De San Juan de Acul partimos hacia la tercera y última comunidad que visitamos en Sayaxché: El Mangal. Allí, la mayor parte de los hombres trabajan en la palma. “Trabajan de 6 a 15 horas por jornales de 60 quetzales (unos 8 euros), que es menos del salario mínimo (de 83 quetzales por jornal en el campo). Cuando llega el día de cobro, no les quieren pagar. Les tratan mal, los amenazan con echarlos si protestan o no son puntuales. Y además, no nos quieren dar trabajo a nosotros, los que hemos sido directamente afectados por la palma, aunque nos lo habían prometido. Traen cuadrillas de Cobán (un municipio cercano) y les pagan todavía menos”, asegura el representante del Consejos Comunitarios de Desarrollo Urbano y Rural (COCODE).

“Hay gente que le pagan 20 quetzales (menos de 3 euros) por el jornal. El golpe más duro es que sólo quieren gente joven. Traen gente de afuera, y la tienen poco tiempo, así se ahorran pagar prestaciones”, afirma un trabajador, y concluye: “Están acabando con nosotros, pero la necesidad nos hace llegar al matadero. Somos padres de familia. Si un niño se nos enferma, una medicina no baja de 70 quetzales”.

En El Mangal hablan también de las infecciones respiratorias causadas por los agrotóxicos. “Antes, la gente se mantenía, no había contaminación. Se vivía mejor”. ¿Y el Estado? “Vienen, prometen y no vuelven: sólo vienen a engañar y a dividirnos”, lamenta otro campesino, y sentencia: “El mayor problema de Guatemala es que tienen compradas a las autoridades”.

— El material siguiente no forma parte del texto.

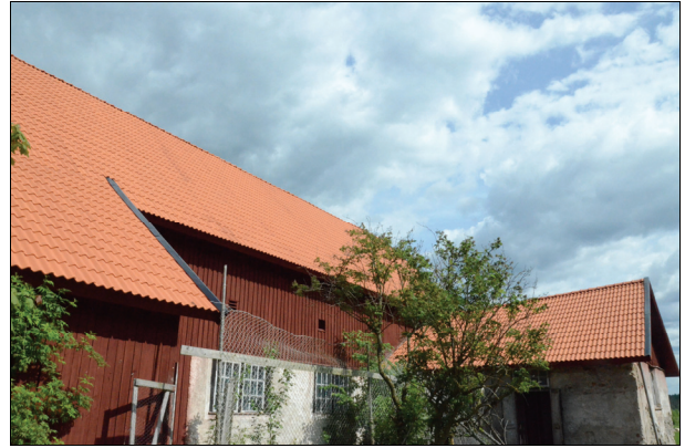
Byggnadens västra takfall efter takläggning. Bildnr Vlm kmvIM-1424 och 1425.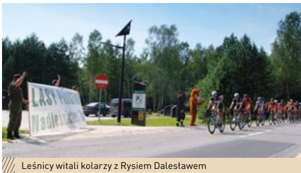
Leśnicy witali kolarzy z Rysiem Dalestawem

Przez tereny Nadleśnictwa Daleszyce przejechał barwny peleton Tour de Pologne. Leśnicy wraz z Rysiem Dalestawem dopingowali zawodników na trasie.

“Los bosques que quedan son muy poquitos, no alcanzan para purificar el aire”, sostiene otro campesino. “El último aguacero, el agua cayó negra. Yo tuve que tirar medio balde”. Y la lluvia que escasea. Y la tierra que muere: “Están matando a la tierra. Esa raíz es como un petate que no deja salir nada encima de ella”, lamentan.

Un estudio realizado en el Valle de Polochic por la investigadora Sara Mingorria, del ICTA (Universidad Autónoma de Barcelona), respalda esta teoría y apunta a que una de las consecuencias del monocultivo palmero es que, por la gran cantidad de nutrientes que demanda, elimina la capa orgánica del suelo y provoca infertilidad. Mingorria demostró que se requieren 25 años para lograr que la zona en la que se plantó palma aceitera vuelva a ser fértil, pues “el suelo queda tan debilitado que, por más que se abone, los componentes se pierden y desaparecen”. La investigadora añade que estas plantaciones suelen denominarse “desiertos verdes” porque “este tipo de árbol no permite que se forme vegetación a su alrededor”.

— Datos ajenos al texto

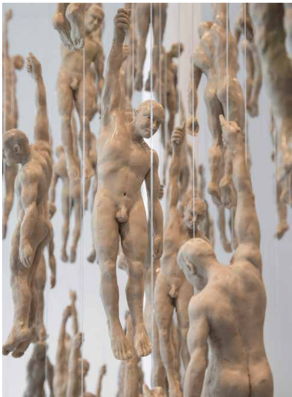
Instalación colgados | Resina poliéster | 160 figuras, medidas variables | 2024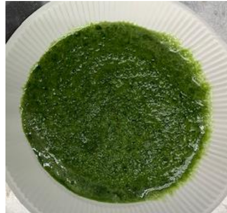
従来品の仕上がり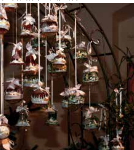
Foto: Weihnachten im Schloss

Weihnachtseinkäufe mit einem Besuch des Adventmarkts verbinden kann man in der Steyrer Altstadt.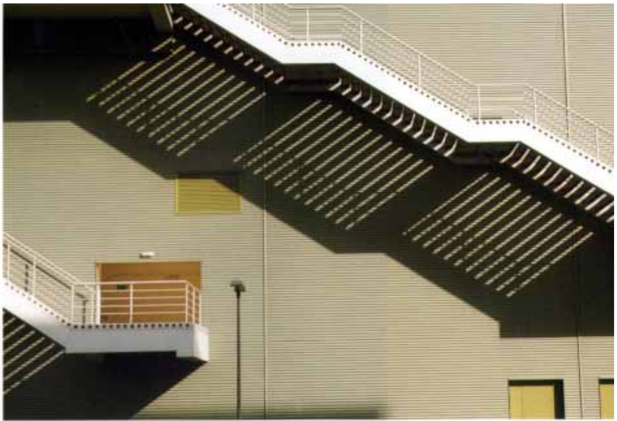
CEZARY DUBIEL "Architektura ery handlu globalnego Galaxy 3" wyróżnienie

Así sintetizan sus temores los campesinos de El Mangal: “Después de 25 años de palma, esas tierras no van a valer para nada”. Ellos luchan para que no sea así, pero saben que nunca el Estado guatemalteco escuchó sus reclamos: necesitan apoyo internacional. Y, tal vez, ese apoyo no vendrá de la estatalidad, sino de la movilización ciudadana, de las mujeres y hombres que comienzan a entender el nexo indisoluble entre los estilos de vida opulentos y consumistas del Norte global y el despojo de los campesinos de los países productores de materias primas.

 

BIBLIOGRAFÍA

Alonso Fradejas, A., F. Alonzo y J. Dürr (2008) Caña de azúcar y palma africana: combustibles para un nuevo ciclo de acumulación y dominio en Guatemala, IDEAR.
CEIBA – Amigos de la Tierra Guatemala (2016) “Situación del agua en Guatemala”, en Informe del Agua en América Latina y el Caribe, Amigos de la Tierra.
Naciones Unidas (2016) Informe del Alto Comisionado de las Naciones Unidas para los Derechos Humanos sobre las actividades de su Oficina de Guatemala.
VV. AA. (2015) Situación de derechos humanos de los pueblos indígenas en el contexto de las actividades de agroindustria de palma aceitera en Guatemala.
Zepeda, Ricardo (2016) Dinámicas agrarias y agendas de desarrollo en el Valle del Polochic. Guatemala, Comité de Unidad Campesina.